Survival of Patients with ALS
Mean survival time from onset of ALS patients was 64.73 ± 34.83 months, whereas mean survival time after diagnosis was 42.51 ± 28.44 months. Spinal-onset patients had a higher mean survival time compared with bulbar-onset ALS (Table 1). Respiratory failure was the most common cause of death observed in our population followed by pneumonia. Indeed, 71.11% of enrolled individuals required MV during the period of the study, whereas 68.88% were subjected to PEG. We did not find differences in the number of patients requiring such major medical interventions between spinal- and bulbar-onset groups, but the OMVI was significatively shorter in individuals with bulbar ALS (Table 1). On the other hand, we estimated cumulative survival rates of all ALS patients and stratified according to the site of disease onset. After one year of disease onset the overall survival rate was 95.55%, however, at this time point, deaths accounted only for bulbar-onset ALS cases, as 100% of spinal-onset patients remained alive (Table 2). Cumulative survival at 5 years of disease onset was 44.44% for all ALS patients, 54.16% for spinal-onset cases, and 33.33% for bulbar-onset patients.
Effect of Clinical Features on Survival of ALS Patients
Using a linear correlation analysis, we found that age at onset and age at diagnosis inversely correlated with overall survival time, whereas ODI, OGI, and OMVI showed a positive correlation with such outcome (Figure 1). We also compared survival curves of ALS patients categorized according to different clinical variables. This analysis revealed that site of disease onset significatively affected the survival, as spinal-onset ALS patients survived longer than individuals with the bulbar variant (Figure 2a, Table 3). Interestingly, we also found that survival was significatively longer for patients with delayed diagnosis compared with those with an ODI < 24 months (p < 0.0001; Figure 2f, Table 3). This could be related with a trend of older ALS patients to have a shorter ODI (Supplementary Figure 1).

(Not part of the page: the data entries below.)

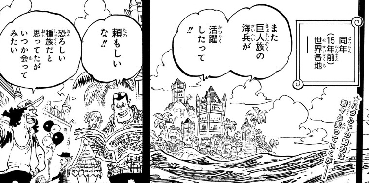 おそらく「ハラルド単体が海軍の援軍として働き出す」→「ロジャー処刑に伴う大海賊時代の到来」→「戦力強化の必要性から巨人族を海軍に投入」→「巨人族海兵の活躍による世間の評価の変化」という流れなのだと思いますが、最初のハラルドの活動を巨人族の働きとして見せない(世界が巨人族の活躍として認識しない)ように描く意味がわかりません。
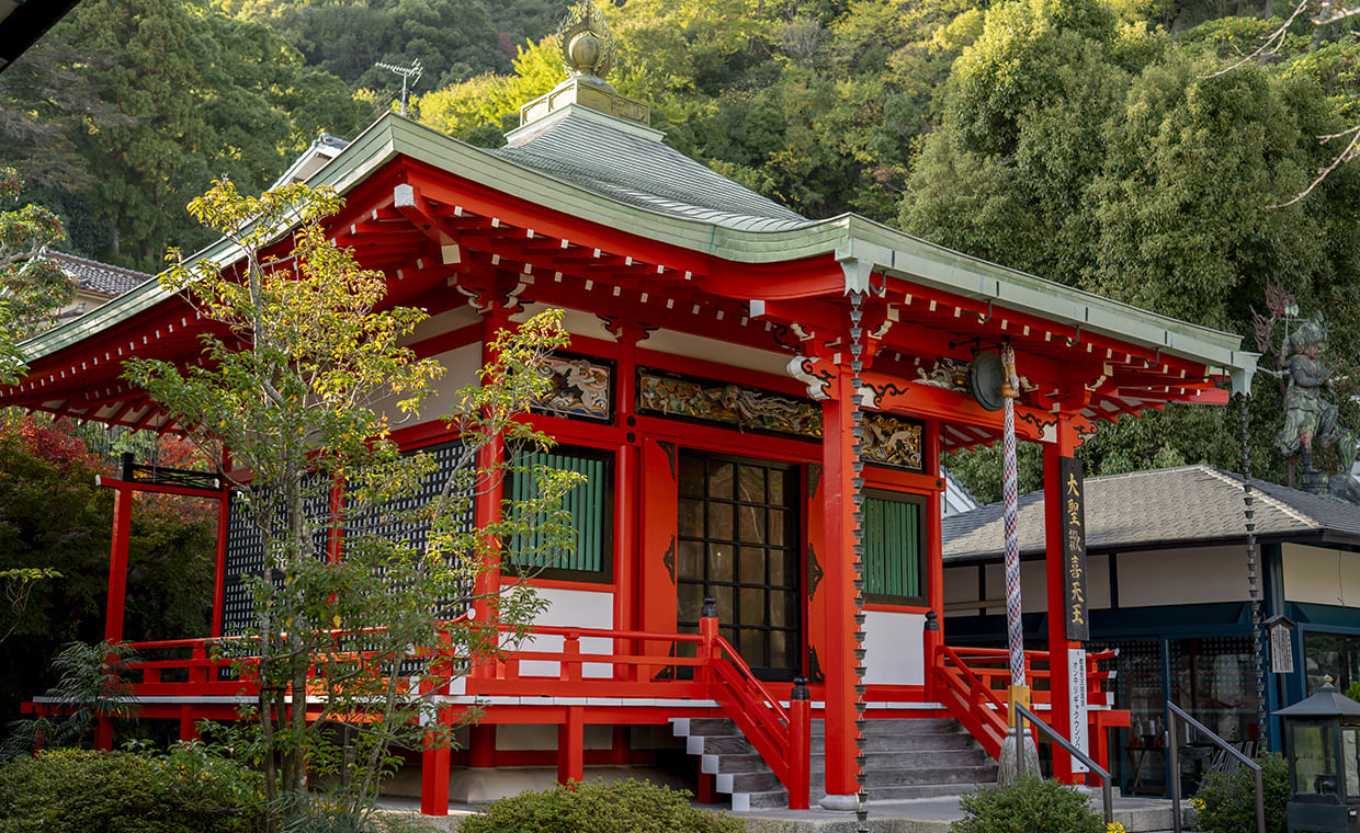 「聖天さん」の愛称で親しまれる息災増益の天尊、大聖歓喜天を祭る。かつてお寺があった山科より移築された御堂で、境内で唯一、きらびやかな朱色をまとい異彩を放つ。
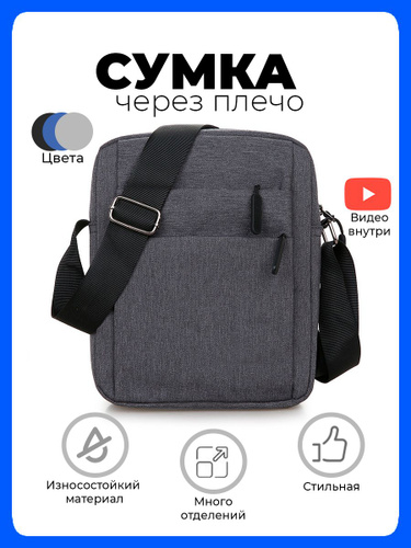 Сумка через плечо мужская текстильная для документов, цвет серый
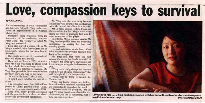 报道说,李迎和未婚夫李麒忠于2001年在中国相识,那时,李迎女士被迫参加“洗脑班”。李先生回到悉尼后,李迎女士消失了三个月,然后才有人得知她被关入了劳教所。李迎的未婚夫、荷姆布什(Homebush)的居民李麒忠说:“当时情况非常艰难。我不知道她是否还活着。”他在澳洲为营救她而付出了努力。 俩人最近得以团聚,他们将于下个月结婚。
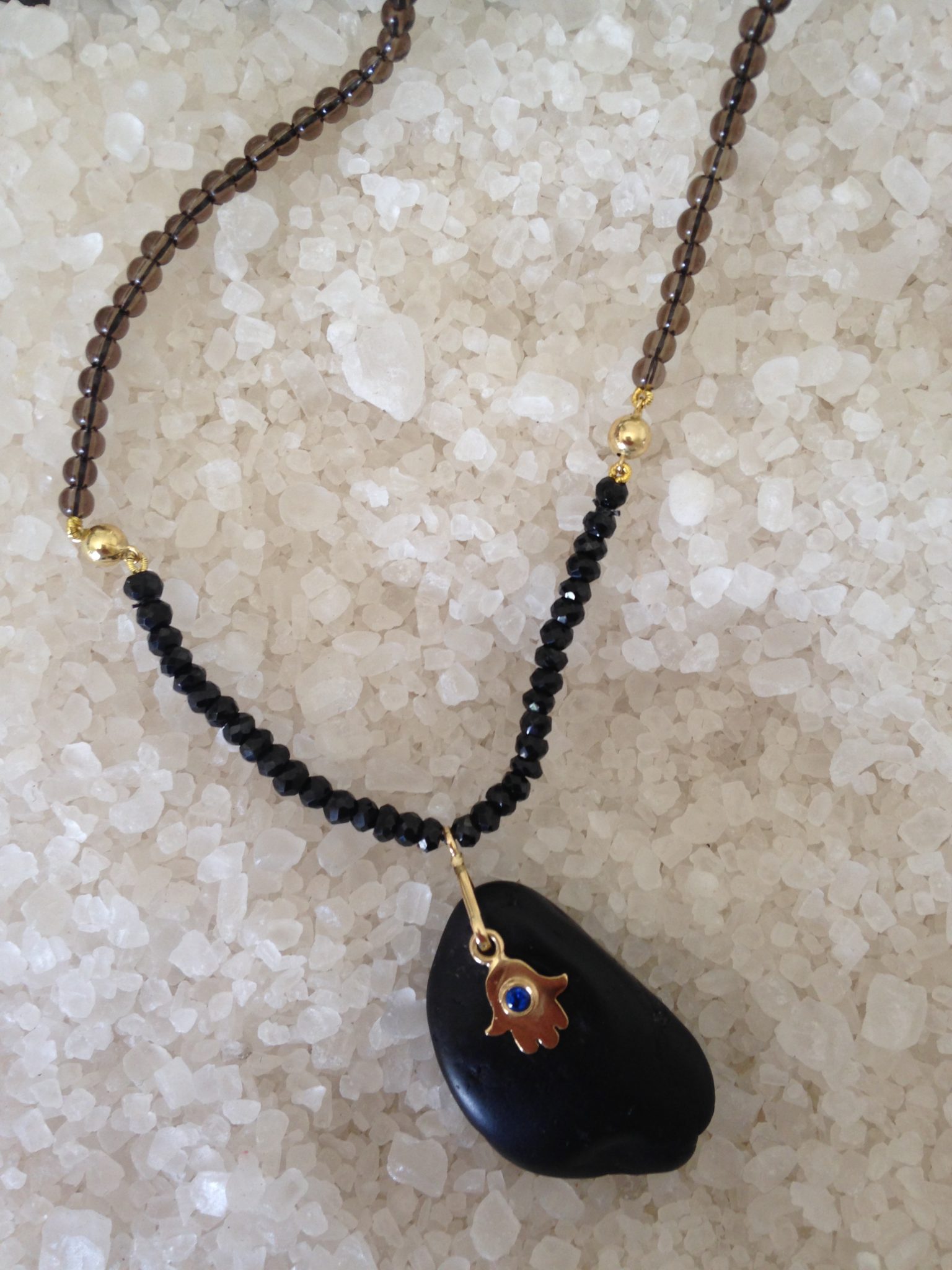 Essa peça acima é design exclusivo JÓIAS PD e foi desenvolvida a partir dessas pedras vulcânicas recolhidas por mim mesma, pessoalmente , na praia de Santorini, como já mostrei AQUI . Como vieram da Grécia, acrescentei ainda mais significado com essa Mão-de-Fátima, que para quem acredita, funciona como um amuleto contra o mau-olhado. Fica aí mais uma historinha para contar, que pelo que parece, está ” na crista da onda ” !
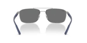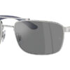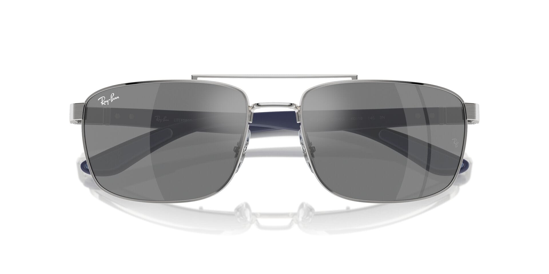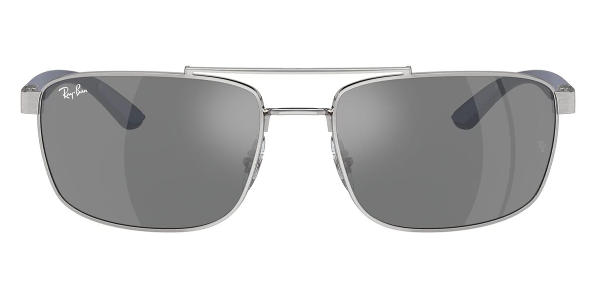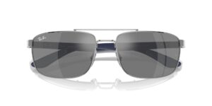 This rectangular Ray-Ban sunglass comes in a silver frame with grey with silver mirror lenses.
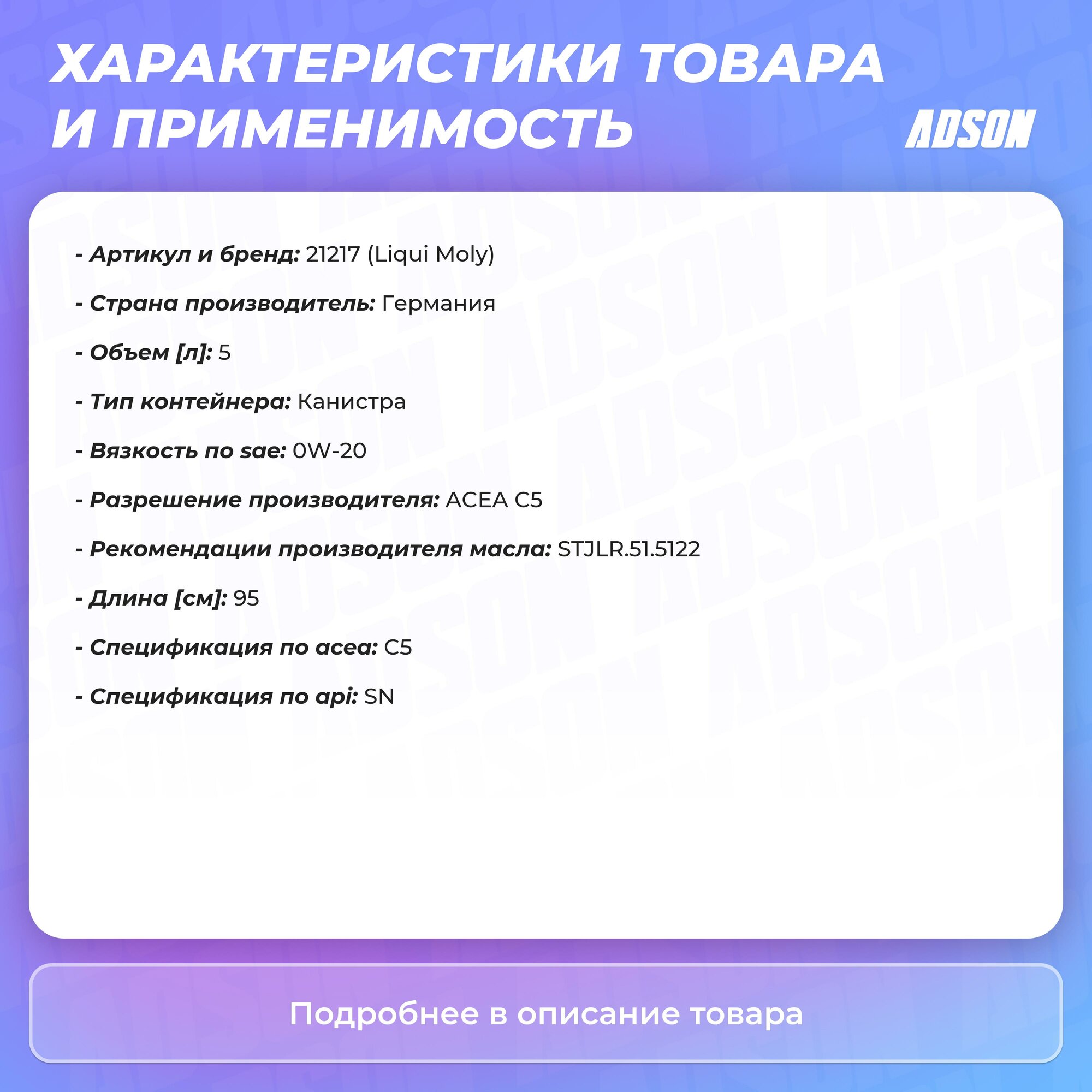 Масло моторн 0w20 liqui moly 1л нс-синтетика top tec 6300 sn/c5 mb: 229.71, liqui moly, 21216
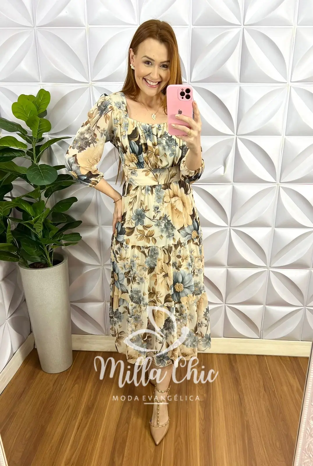 Possui: decote quadrado, todo drapeado no busto que está um charme, manga 7/8 princesa com elástico na barra, pala na cintura para vestir bem, comprimento mídi com marias.
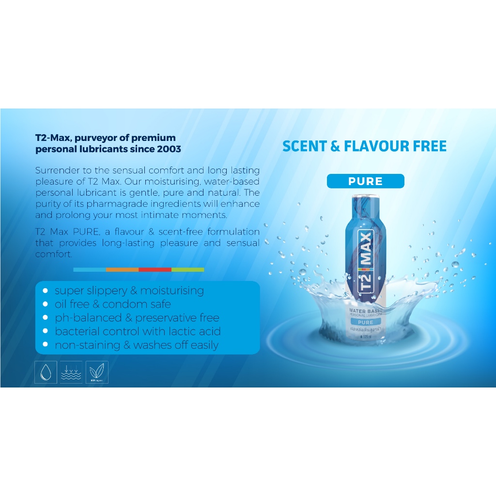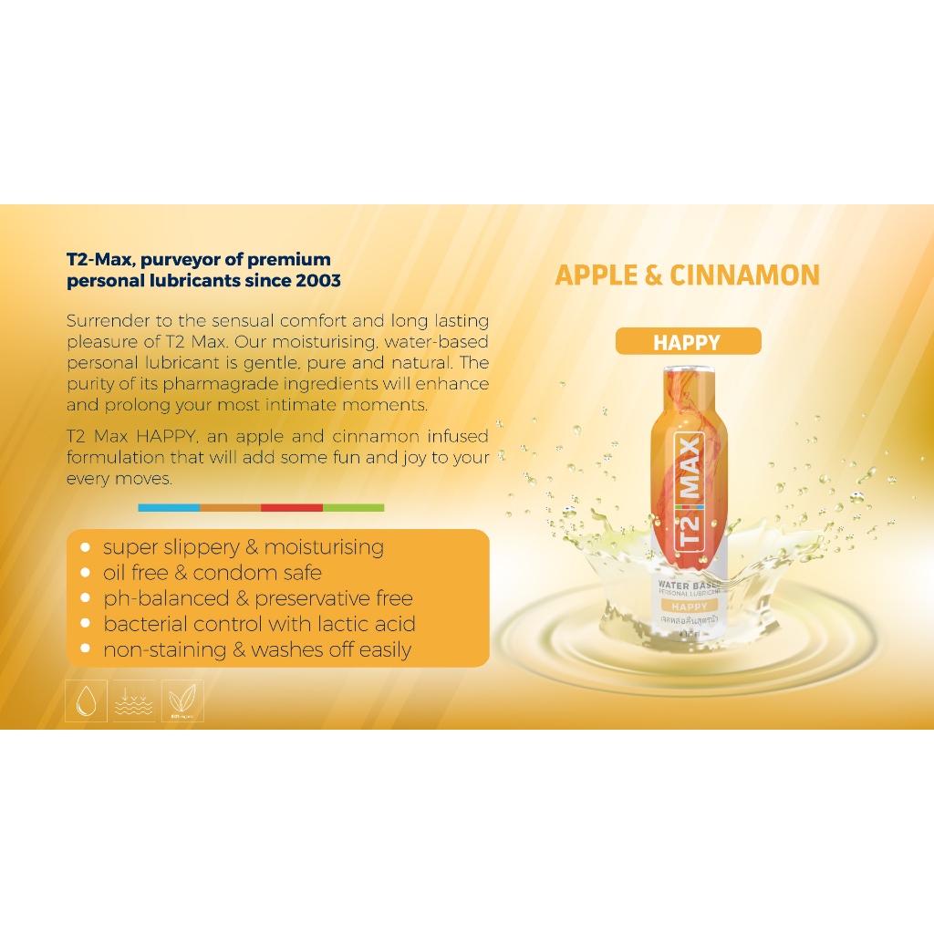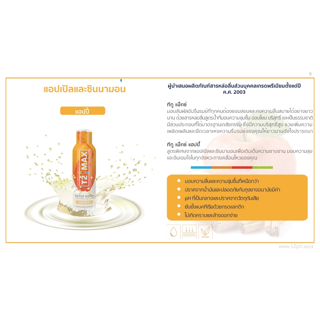 [เซ็ตคู่]T2 max เจลหล่อลื่น สูตรPureไร้สีไร้กลิ่น และ สูตรHappy กลิ่นแอปเปิ้ลและซินนามอน 2 x 125 ml.
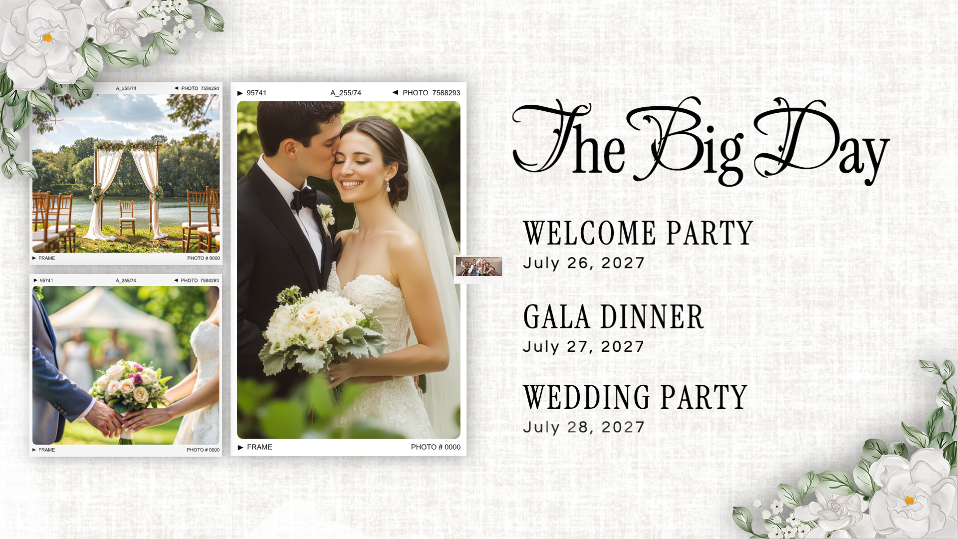 White Flower Wedding Countdown Invitation Engagement Anniversary Love Memories Collage Slideshow

PEG per se did not affect the overall survival of ALS patients, but individuals with OGI >18 months had a significant longer survival compared with those requiring an early intervention (Fig. 2g-h, Table 3). Meanwhile, as expected, MV and a short OMVI (<24 months) significatively worsened survival of ALS patients, especially in those with spinal-onset (Figure 2i-j, Table 3). In addition, we evaluated the predictive significance of total cholesterol levels at onset. Although we were able to collect this value only from 26 participants, we observed that higher levels of cholesterol at onset positively correlated with longer survival (Figure 1g). Moreover, those patients with cholesterol levels below the overall mean (< 4.63mmol/L) had a shorter survival rate (Figure 2k). Finally, to have an approximation of the magnitude of the effect of clinical characteristics on ALS prognosis, we grouped patients into two categories depending on whether their survival was found below or above the overall mean (~5 years). Then, we compared the means of continuous clinical variables between both groups and calculated the OR for short survival conferred by each categorical variable. Using this approach, we confirmed that a short ODI was associated with worse prognosis, with an OR for short survival of 14.48 (Table 4). We also found statistically significant ORs for short survival conferred by an OGI < 18 moths (OR = 11.92), necessity of MV (OR = 22.91), and lower serum levels of total cholesterol at onset (OR = 7.33).
Other variables such as gender, body weight decrease after diagnosis, and the presence of comorbidities did not affect the prognosis of ALS individuals. Nonetheless, we observed that mean survival was longer for patients ALS younger than 60 years-old compared to older individuals, although the difference did not reach statistical significance (Table 3 and Figure 2b).